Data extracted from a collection
##########
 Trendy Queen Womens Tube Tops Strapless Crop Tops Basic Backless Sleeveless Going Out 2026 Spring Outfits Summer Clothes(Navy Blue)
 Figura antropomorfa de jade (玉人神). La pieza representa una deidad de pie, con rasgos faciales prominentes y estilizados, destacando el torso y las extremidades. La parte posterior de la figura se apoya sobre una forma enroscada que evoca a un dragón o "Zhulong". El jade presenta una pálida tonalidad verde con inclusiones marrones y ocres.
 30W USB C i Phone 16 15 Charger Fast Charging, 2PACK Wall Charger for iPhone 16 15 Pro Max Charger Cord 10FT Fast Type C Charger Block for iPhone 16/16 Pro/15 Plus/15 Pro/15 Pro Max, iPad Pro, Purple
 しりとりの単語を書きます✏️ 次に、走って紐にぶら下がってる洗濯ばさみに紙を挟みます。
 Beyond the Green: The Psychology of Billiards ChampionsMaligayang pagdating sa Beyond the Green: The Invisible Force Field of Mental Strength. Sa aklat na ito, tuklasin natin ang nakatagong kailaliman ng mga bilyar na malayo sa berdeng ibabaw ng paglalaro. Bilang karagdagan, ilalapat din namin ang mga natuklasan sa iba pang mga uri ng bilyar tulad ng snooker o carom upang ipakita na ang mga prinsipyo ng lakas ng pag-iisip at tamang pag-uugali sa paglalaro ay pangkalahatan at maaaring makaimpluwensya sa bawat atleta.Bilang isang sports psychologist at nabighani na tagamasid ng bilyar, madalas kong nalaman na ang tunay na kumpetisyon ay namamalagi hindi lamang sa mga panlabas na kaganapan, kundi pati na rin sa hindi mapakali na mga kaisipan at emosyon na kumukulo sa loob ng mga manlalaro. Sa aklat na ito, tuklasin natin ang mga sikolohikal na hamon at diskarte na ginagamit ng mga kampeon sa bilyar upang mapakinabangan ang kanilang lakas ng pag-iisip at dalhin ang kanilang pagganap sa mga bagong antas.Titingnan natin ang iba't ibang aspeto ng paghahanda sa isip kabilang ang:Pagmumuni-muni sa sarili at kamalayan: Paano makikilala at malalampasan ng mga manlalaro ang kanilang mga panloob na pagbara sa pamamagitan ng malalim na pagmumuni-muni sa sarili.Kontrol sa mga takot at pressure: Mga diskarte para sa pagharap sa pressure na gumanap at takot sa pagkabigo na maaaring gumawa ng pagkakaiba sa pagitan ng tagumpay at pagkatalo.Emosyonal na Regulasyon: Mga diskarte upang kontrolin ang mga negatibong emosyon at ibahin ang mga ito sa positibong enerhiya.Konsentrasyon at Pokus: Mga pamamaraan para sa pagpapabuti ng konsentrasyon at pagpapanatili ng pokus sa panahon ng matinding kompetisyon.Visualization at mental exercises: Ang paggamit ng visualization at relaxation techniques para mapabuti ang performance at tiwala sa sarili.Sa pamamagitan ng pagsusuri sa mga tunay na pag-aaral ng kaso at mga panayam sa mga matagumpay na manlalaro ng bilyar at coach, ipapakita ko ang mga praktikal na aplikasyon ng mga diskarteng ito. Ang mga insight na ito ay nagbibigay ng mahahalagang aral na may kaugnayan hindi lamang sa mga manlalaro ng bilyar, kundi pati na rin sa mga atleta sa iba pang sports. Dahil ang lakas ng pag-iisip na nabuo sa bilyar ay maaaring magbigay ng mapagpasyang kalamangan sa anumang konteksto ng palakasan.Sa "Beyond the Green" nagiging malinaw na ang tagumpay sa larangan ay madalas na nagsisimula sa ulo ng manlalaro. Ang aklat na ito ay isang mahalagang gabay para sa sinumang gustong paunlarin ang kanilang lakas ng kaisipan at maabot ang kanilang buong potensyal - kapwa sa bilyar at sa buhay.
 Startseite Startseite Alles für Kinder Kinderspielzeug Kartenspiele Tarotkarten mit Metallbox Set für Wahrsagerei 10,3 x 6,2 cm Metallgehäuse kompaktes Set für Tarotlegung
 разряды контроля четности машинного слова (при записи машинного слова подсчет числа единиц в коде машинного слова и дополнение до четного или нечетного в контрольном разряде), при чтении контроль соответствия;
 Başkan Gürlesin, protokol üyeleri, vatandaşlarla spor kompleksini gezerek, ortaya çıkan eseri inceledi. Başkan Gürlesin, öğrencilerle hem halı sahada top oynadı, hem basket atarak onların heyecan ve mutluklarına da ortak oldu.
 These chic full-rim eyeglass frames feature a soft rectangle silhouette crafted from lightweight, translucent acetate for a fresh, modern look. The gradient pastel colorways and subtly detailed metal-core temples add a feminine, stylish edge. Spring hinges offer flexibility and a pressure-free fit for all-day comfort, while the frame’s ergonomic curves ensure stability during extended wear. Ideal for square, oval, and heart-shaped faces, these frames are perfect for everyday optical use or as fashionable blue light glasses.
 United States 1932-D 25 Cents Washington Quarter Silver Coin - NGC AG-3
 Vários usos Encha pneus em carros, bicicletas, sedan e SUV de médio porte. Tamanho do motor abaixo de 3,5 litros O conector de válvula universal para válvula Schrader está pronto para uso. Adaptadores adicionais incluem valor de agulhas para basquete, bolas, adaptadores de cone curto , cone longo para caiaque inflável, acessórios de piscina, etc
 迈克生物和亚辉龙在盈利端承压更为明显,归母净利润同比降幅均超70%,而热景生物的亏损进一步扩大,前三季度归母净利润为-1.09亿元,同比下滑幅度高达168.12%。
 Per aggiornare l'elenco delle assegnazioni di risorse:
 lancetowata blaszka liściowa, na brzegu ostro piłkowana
##########
YOUR OBJECTIVE: Every entry must be retyped in full, exactly as given.

ANSWER AREA:
 Trendy Queen Womens Tube Tops Strapless Crop Tops Basic Backless Sleeveless Going Out 2026 Spring Outfits Summer Clothes(Navy Blue)
 Figura antropomorfa de jade (玉人神). La pieza representa una deidad de pie, con rasgos faciales prominentes y estilizados, destacando el torso y las extremidades. La parte posterior de la figura se apoya sobre una forma enroscada que evoca a un dragón o "Zhulong". El jade presenta una pálida tonalidad verde con inclusiones marrones y ocres.
 30W USB C i Phone 16 15 Charger Fast Charging, 2PACK Wall Charger for iPhone 16 15 Pro Max Charger Cord 10FT Fast Type C Charger Block for iPhone 16/16 Pro/15 Plus/15 Pro/15 Pro Max, iPad Pro, Purple
 しりとりの単語を書きます✏️ 次に、走って紐にぶら下がってる洗濯ばさみに紙を挟みます。
 Beyond the Green: The Psychology of Billiards ChampionsMaligayang pagdating sa Beyond the Green: The Invisible Force Field of Mental Strength. Sa aklat na ito, tuklasin natin ang nakatagong kailaliman ng mga bilyar na malayo sa berdeng ibabaw ng paglalaro. Bilang karagdagan, ilalapat din namin ang mga natuklasan sa iba pang mga uri ng bilyar tulad ng snooker o carom upang ipakita na ang mga prinsipyo ng lakas ng pag-iisip at tamang pag-uugali sa paglalaro ay pangkalahatan at maaaring makaimpluwensya sa bawat atleta.Bilang isang sports psychologist at nabighani na tagamasid ng bilyar, madalas kong nalaman na ang tunay na kumpetisyon ay namamalagi hindi lamang sa mga panlabas na kaganapan, kundi pati na rin sa hindi mapakali na mga kaisipan at emosyon na kumukulo sa loob ng mga manlalaro. Sa aklat na ito, tuklasin natin ang mga sikolohikal na hamon at diskarte na ginagamit ng mga kampeon sa bilyar upang mapakinabangan ang kanilang lakas ng pag-iisip at dalhin ang kanilang pagganap sa mga bagong antas.Titingnan natin ang iba't ibang aspeto ng paghahanda sa isip kabilang ang:Pagmumuni-muni sa sarili at kamalayan: Paano makikilala at malalampasan ng mga manlalaro ang kanilang mga panloob na pagbara sa pamamagitan ng malalim na pagmumuni-muni sa sarili.Kontrol sa mga takot at pressure: Mga diskarte para sa pagharap sa pressure na gumanap at takot sa pagkabigo na maaaring gumawa ng pagkakaiba sa pagitan ng tagumpay at pagkatalo.Emosyonal na Regulasyon: Mga diskarte upang kontrolin ang mga negatibong emosyon at ibahin ang mga ito sa positibong enerhiya.Konsentrasyon at Pokus: Mga pamamaraan para sa pagpapabuti ng konsentrasyon at pagpapanatili ng pokus sa panahon ng matinding kompetisyon.Visualization at mental exercises: Ang paggamit ng visualization at relaxation techniques para mapabuti ang performance at tiwala sa sarili.Sa pamamagitan ng pagsusuri sa mga tunay na pag-aaral ng kaso at mga panayam sa mga matagumpay na manlalaro ng bilyar at coach, ipapakita ko ang mga praktikal na aplikasyon ng mga diskarteng ito. Ang mga insight na ito ay nagbibigay ng mahahalagang aral na may kaugnayan hindi lamang sa mga manlalaro ng bilyar, kundi pati na rin sa mga atleta sa iba pang sports. Dahil ang lakas ng pag-iisip na nabuo sa bilyar ay maaaring magbigay ng mapagpasyang kalamangan sa anumang konteksto ng palakasan.Sa "Beyond the Green" nagiging malinaw na ang tagumpay sa larangan ay madalas na nagsisimula sa ulo ng manlalaro. Ang aklat na ito ay isang mahalagang gabay para sa sinumang gustong paunlarin ang kanilang lakas ng kaisipan at maabot ang kanilang buong potensyal - kapwa sa bilyar at sa buhay.
 Startseite Startseite Alles für Kinder Kinderspielzeug Kartenspiele Tarotkarten mit Metallbox Set für Wahrsagerei 10,3 x 6,2 cm Metallgehäuse kompaktes Set für Tarotlegung
 разряды контроля четности машинного слова (при записи машинного слова подсчет числа единиц в коде машинного слова и дополнение до четного или нечетного в контрольном разряде), при чтении контроль соответствия;
 Başkan Gürlesin, protokol üyeleri, vatandaşlarla spor kompleksini gezerek, ortaya çıkan eseri inceledi. Başkan Gürlesin, öğrencilerle hem halı sahada top oynadı, hem basket atarak onların heyecan ve mutluklarına da ortak oldu.
 These chic full-rim eyeglass frames feature a soft rectangle silhouette crafted from lightweight, translucent acetate for a fresh, modern look. The gradient pastel colorways and subtly detailed metal-core temples add a feminine, stylish edge. Spring hinges offer flexibility and a pressure-free fit for all-day comfort, while the frame’s ergonomic curves ensure stability during extended wear. Ideal for square, oval, and heart-shaped faces, these frames are perfect for everyday optical use or as fashionable blue light glasses.
 United States 1932-D 25 Cents Washington Quarter Silver Coin - NGC AG-3
 Vários usos Encha pneus em carros, bicicletas, sedan e SUV de médio porte. Tamanho do motor abaixo de 3,5 litros O conector de válvula universal para válvula Schrader está pronto para uso. Adaptadores adicionais incluem valor de agulhas para basquete, bolas, adaptadores de cone curto , cone longo para caiaque inflável, acessórios de piscina, etc
 迈克生物和亚辉龙在盈利端承压更为明显,归母净利润同比降幅均超70%,而热景生物的亏损进一步扩大,前三季度归母净利润为-1.09亿元,同比下滑幅度高达168.12%。
 Per aggiornare l'elenco delle assegnazioni di risorse:
 lancetowata blaszka liściowa, na brzegu ostro piłkowana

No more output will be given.